THE dominant grip which the SNP has held over Scotland’s political scene for the best part of a decade reached new heights this week.
An astonishing poll put support for the party at 60 per cent in Scotland less than a year out from the Scottish Parliament elections next year. This compares with the 45 per cent which the party polled last time out at Holyrood when Alex Salmond won an “unprecedented” majority – something the voting system was specifically designed to guard against happening.
It came as Nicola Sturgeon’s soaring personal profile went global with a triumphant appearance on the prestigious Daily Show with Jon Stewart in the US. Government aides say media demand stateside for a slice of the First Minister hit fever pitch on the back of her appearance on the satirical show.
All of which suggests a thoroughly miserable year ahead for the opposition in Scotland. Labour are likely to be bedding a young new leader with Kezia Dugdale poised to replace Jim Murphy, but even senior party figures accept they have little or no chance of winning next year. Conservative leader Ruth Davidson cut an impressive figure in the recent referendum and UK elections, but Tory votes fell again in May, while the Lib Dems sunk to 0 per cent in parts of the country in last week’s poll.

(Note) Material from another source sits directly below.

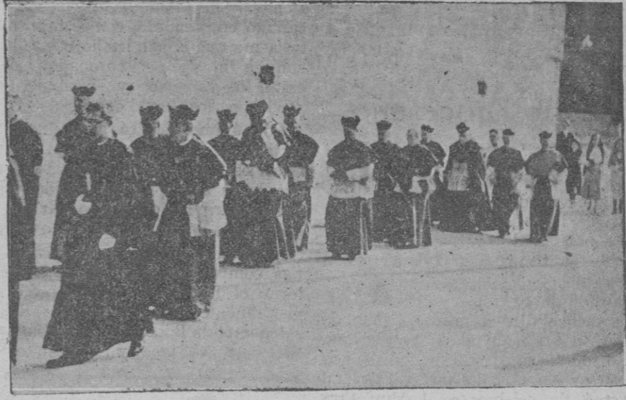
El Excmo. y Relmo. Sr. Arzobispo-Obispo de Mallorca Dr. Miralles al dirigirse a la Catedral el día de la inauguración del Sínodo.

dadosa, siempre con ojo avizor velando amante sobre la isla entera, con gesto maternal, inmenso. Detrás de nosotros, el mar teñía sus encajes de espuma cabe el encanto de mil cas argentadas. Y mientras el ojo se embelesaba en la suave visión, el prócer, señalando las blancas masías de los «llocs» iba vertiendo en mis oídos un hilo fragante de nombres sonoros y perfumados con aromas de pebetero oriental: Binidunaiet, Binifanis, Binimarzoch, Binixabó, Binifabini, Biniadris, Binichemis, Binijafnó... Manuel ANDREU FONTIRROIG

Is there any stopping the Nationalist juggernaut? Well, thrusting the SNP’s record on the “bread and butter” issues under the spotlight, such as classroom standards, childcare and hospital waits – where the buck stops firmly with Ms Sturgeon – might be a start.
The SNP has faced difficult questions over key issues for which it alone is responsible in Scotland in the past four years. Campaigning mothers have revealed thousands of youngsters are missing out on their free childcare over a lack of flexibility in the system – despite Ms Sturgeon’s much vaunted aspiration to get a generation of working mothers back into the workplace with universal free childcare. Relations with teachers are not good, with the profession balloting on strike action over pay and conditions after a spat with ministers over falling standards of reading and writing. Scotland’s A&E wards have missed official waiting time targets for almost six years and concerns over Scottish policing persist over armed police routinely patrolling local beats and excessive use of stop and search.
But, the prospect of more powers coming to Holyrood in Scotland Bill continues to dominate the political agenda – and a second independence referendum still hangs in the background. If Scotland’s opposition wants to at least make a fist of it next year, they must achieve something that hasn’t been done in a decade – and focus the election battleground on the SNP’s own domestic record.